WHAT IS NEEDED: Your task is to transcribe the data exactly while omitting each picture.

DATA BLOCK:

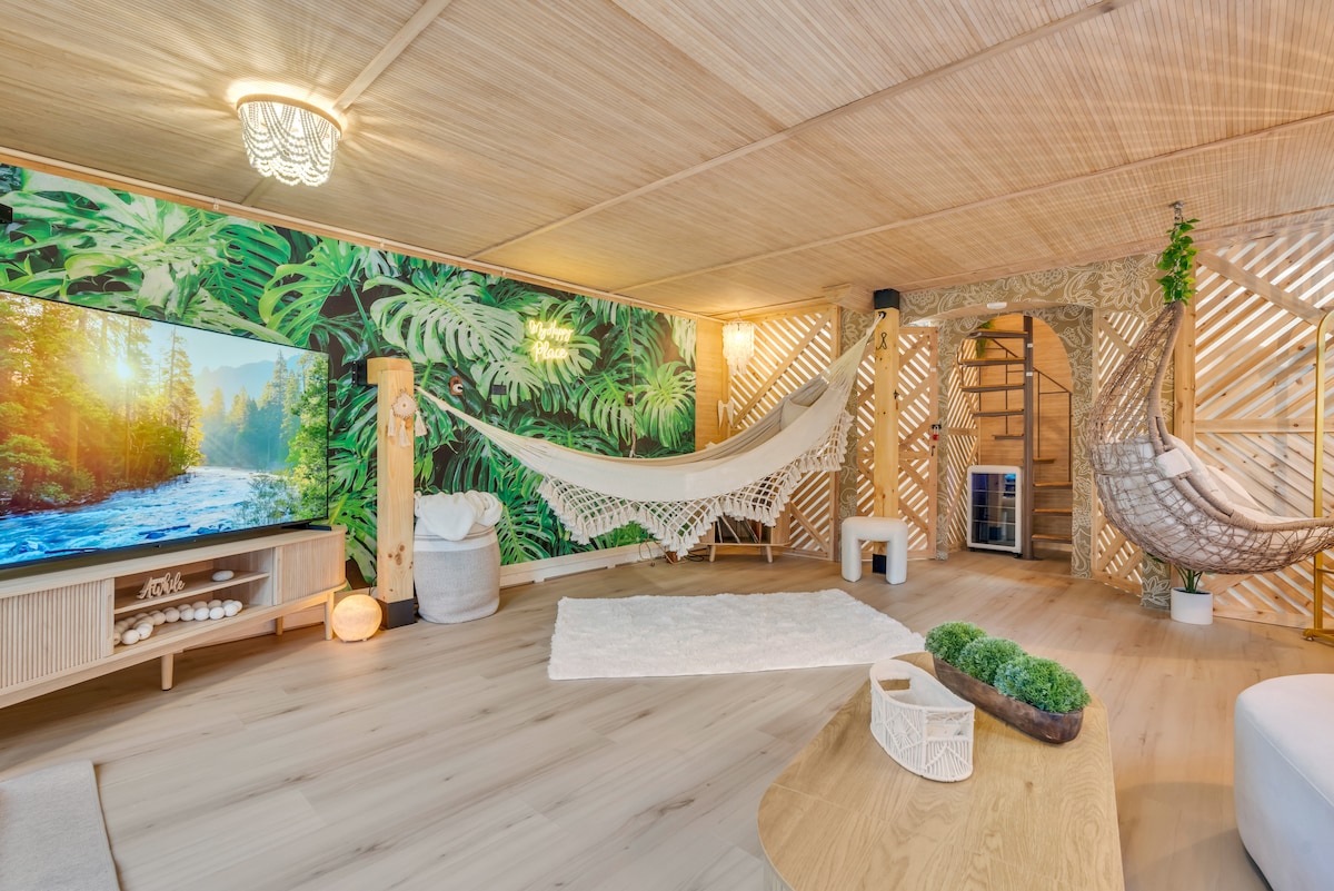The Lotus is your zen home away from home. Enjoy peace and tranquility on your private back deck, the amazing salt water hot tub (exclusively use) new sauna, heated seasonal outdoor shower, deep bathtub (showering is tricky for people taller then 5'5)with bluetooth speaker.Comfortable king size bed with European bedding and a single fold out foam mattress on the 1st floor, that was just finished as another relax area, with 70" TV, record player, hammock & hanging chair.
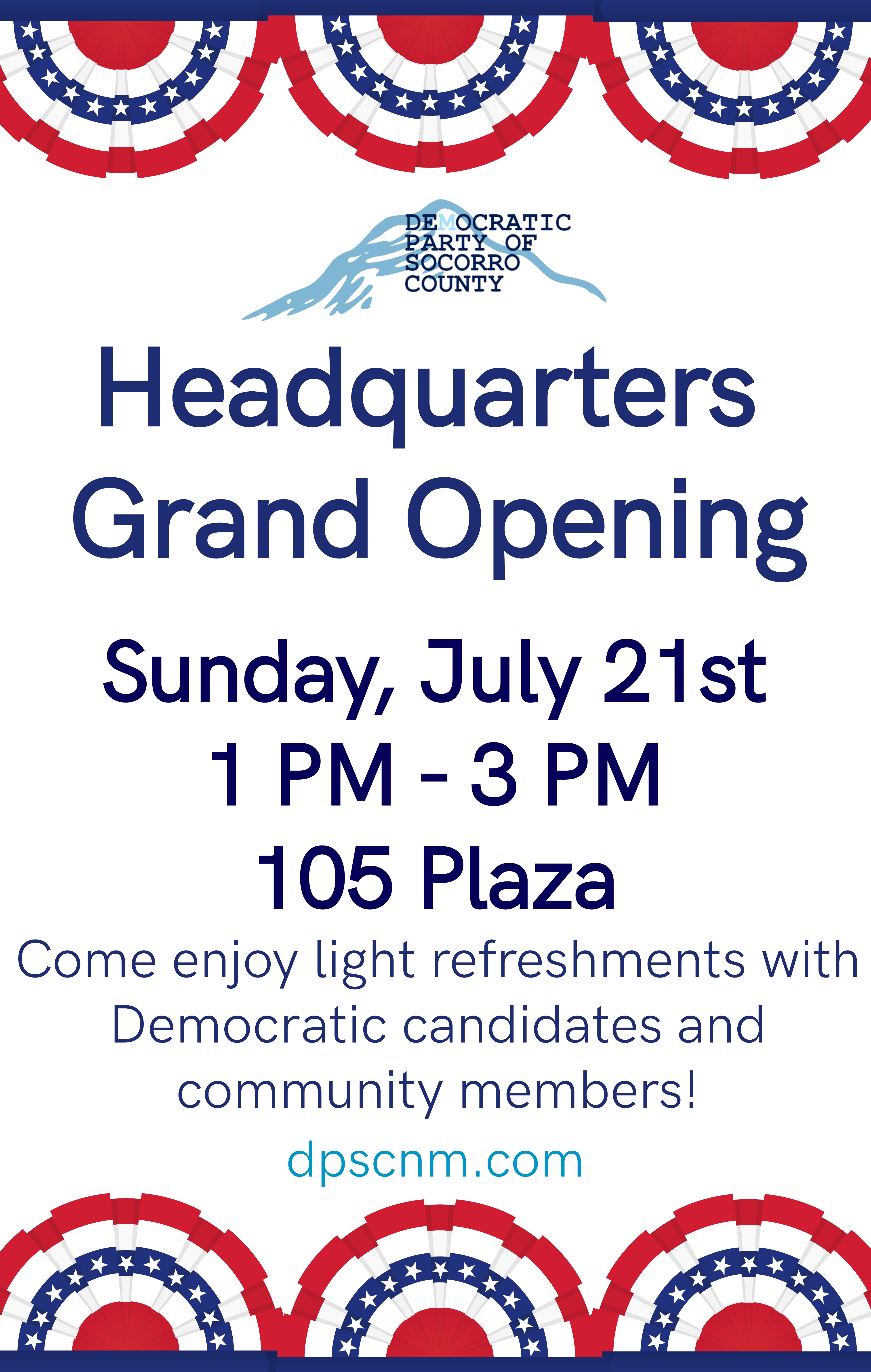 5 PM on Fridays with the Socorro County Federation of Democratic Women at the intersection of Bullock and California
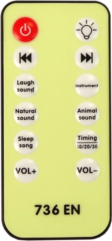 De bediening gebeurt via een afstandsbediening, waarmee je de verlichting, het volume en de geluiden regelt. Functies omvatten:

SOLUTION TO THE EXERCISE:
The Lotus is your zen home away from home. Enjoy peace and tranquility on your private back deck, the amazing salt water hot tub (exclusively use) new sauna, heated seasonal outdoor shower, deep bathtub (showering is tricky for people taller then 5'5)with bluetooth speaker.Comfortable king size bed with European bedding and a single fold out foam mattress on the 1st floor, that was just finished as another relax area, with 70" TV, record player, hammock & hanging chair.
 5 PM on Fridays with the Socorro County Federation of Democratic Women at the intersection of Bullock and California
 De bediening gebeurt via een afstandsbediening, waarmee je de verlichting, het volume en de geluiden regelt. Functies omvatten:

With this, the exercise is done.